Takata's CEO Just Took A Big Ol' Pay Cut
Good Morning! Welcome to The Morning Shift, your roundup of the auto news you crave, all in one place every weekday morning. Here are the important stories you need to know.
1st Gear: Do Better Next Time
Shigehisa Takada, the CEO of the Japanese parts supplier Takata Corp. currently embroiled in a massive recall scandal involving deadly exploding airbags, took a huge pay cut in the last financial year. The company said it would slash executive salaries as the crisis escalated, which makes sense not only for PR reasons but because their costs are probably skyrocketing as they attempt to fix this issue. Via Reuters:
Chief Executive Shigehisa Takada earned less than 100 million yen ($810,373) in the business year ended in March, or less than half of the 206 million yen ($1.67 million) he took home in the previous year, a regulatory filing showed on Friday.
Listed Japanese companies are required to disclose individual executive compensation only if it exceeds 100 million yen. The filing did not specify his compensation.
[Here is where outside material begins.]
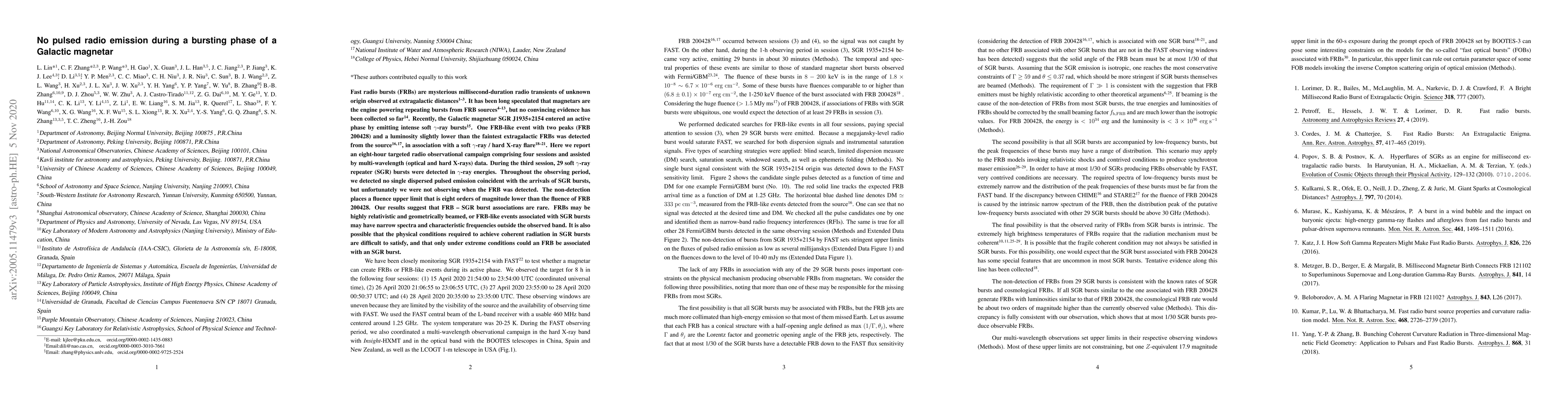 Fast radio bursts (FRBs) are mysterious millisecond-duration radio transients of unknown origin observed at extragalactic distances. It has been long speculated that magnetars are the engine powering repeating bursts from FRB sources, but no convincing evidence has been collected so far\cite{sun19}. Recently, the Galactic magnetar SGR J1935+2154 entered an active phase by emitting intense soft Gamma-ray bursts. One FRB-like event with two peaks (FRB 200428) and a luminosity slightly lower than the faintest extragalactic FRBs was detected from the source, in association with a soft Gamma-ray / hard X-ray flare. Here we report an eight-hour targeted radio observational campaign comprising four sessions and assisted by multi-wavelength (optical and hard X-rays) data. During the third session, 29 soft Gamma-ray repeater (SGR) bursts were detected in Gamma-ray energies. Throughout the observing period, we detected no single dispersed pulsed emission coincident with the arrivals of SGR bursts, but unfortunately we were not observing when the FRB was detected. The non-detection places a fluence upper limit that is eight orders of magnitude lower than the fluence of FRB 200428. Our results suggest that FRB -- SGR burst associations are rare. FRBs may be highly relativistic and geometrically beamed, or FRB-like events associated with SGR bursts may have narrow spectra and characteristic frequencies outside the observed band. It is also possible that the physical conditions required to achieve coherent radiation in SGR bursts are difficult to satisfy, and that only under extreme conditions could an FRB be associated with an SGR burst.

Anyone else feel like if he was American, he would have gotten a pay raise? And a new boat?
2nd Gear: Honda Profits Down Over Airbag Recalls
While we're on the subject of Takata, Honda today revised down their annual earnings from what was projected for the fiscal year that just ended. The bottom line has taken a hit over the Takata airbag recalls, now blamed for eight known deaths. From the AFP:
The nation's third biggest automaker said its net profit for the year to March this year was 493 billion yen, or $4 billion, falling 14.1 percent from the previous year.
The level compared with the originally announced 522.7 billion yen that would have marked an 8.9 percent annual slide.
Honda and Takata reportedly knew about these problems for more than a decade. Maybe if they had taken more decisive action sooner, they wouldn't be in this boat today. There's a lesson here about fixing things before they snowball into catastrophes.
3rd Gear: No Driverless Jaguars And Land Rovers Coming Soon
Most automakers are exploring autonomous driving technologies to one degree or another. But the R&D chief at Jaguar Land Rover, a company currently in a renaissance of sorts with lots of fast and pretty vehicles, says they have no interest in that and never will. From Automotive News:
"We don't consider customers cargo. We don't want to build a robot that delivers the cargo from A to B," he told journalists at an event held at JLR's r&d center here in central England.
Epple said JLR is working on autonomous driving features for future models, including a remote control function to allow the driver to operate the car outside the vehicle using a smartphone.
Functions, yes, but not full control by the machine. Good to know not everyone's on board with the driverless Uber pod thing.
4th Gear: Maker Of The Nissan Titan Gets The Stadium Where The Titans Play
Nissan's U.S. headquarters is in Tennessee, and they now build a lot of their cars there. So it makes sense that they would try and sponsor the NFL stadium here where the Tennessee Titans play. They just won naming rights to the stadium for the next 20 years. From Automotive News:
But the pair-up also comes at a serendipitous moment for the automaker: Late this year in the midst of football season, Nissan will launch a major introduction of its redesigned full-size pickup — coincidentally named the Titan.
"That's quite a cool coincidence for us," said Fred Diaz, Nissan's senior vice president for U.S. sales & marketing and operations. "But this is really a way to showcase Nissan's presence and involvement here in the heartland of the United States. This is going to make our employees and customers here very proud."
5th Gear: Can Alfa Romeo Do What Jaguar Has Done?
Speaking of Jaguar, The Detroit News' Daniel Howes has an apt comparison to the attempted U.S. comeback of Alfa Romeo, starting with the 510 horsepower Giulia sport sedan:
Seriously, think Jaguar. Here was a storied British marque, its heritage mostly squandered, tracing a middling slide greased by its owners in Dearborn. Their alleged BMW 3-Series fighter, the X-Type, boasted substantial bits from the Ford Mondeo sedan, a lineage that (fairly or not) undermined the car's credibility from the jump.
[...] Today's Jaguar, like GM's Cadillac, aspires to outperform the Germans, not look like them. Judging by the lines of the new Alfa Romeo Giulia unveiled this week in Italy, Marchionne & Co. are headed in the same direction — distinctive, slightly muscular Alfa styling that evokes more Maserati then Mercedes.
Comebacks are possible, they're just tough.
Reverse: And We Haven't Updated Or Repaired Them Since
Neutral: How Expensive Will The Takata Recalls Get For Automakers?
And Takata? This entire crisis is about to get very costly.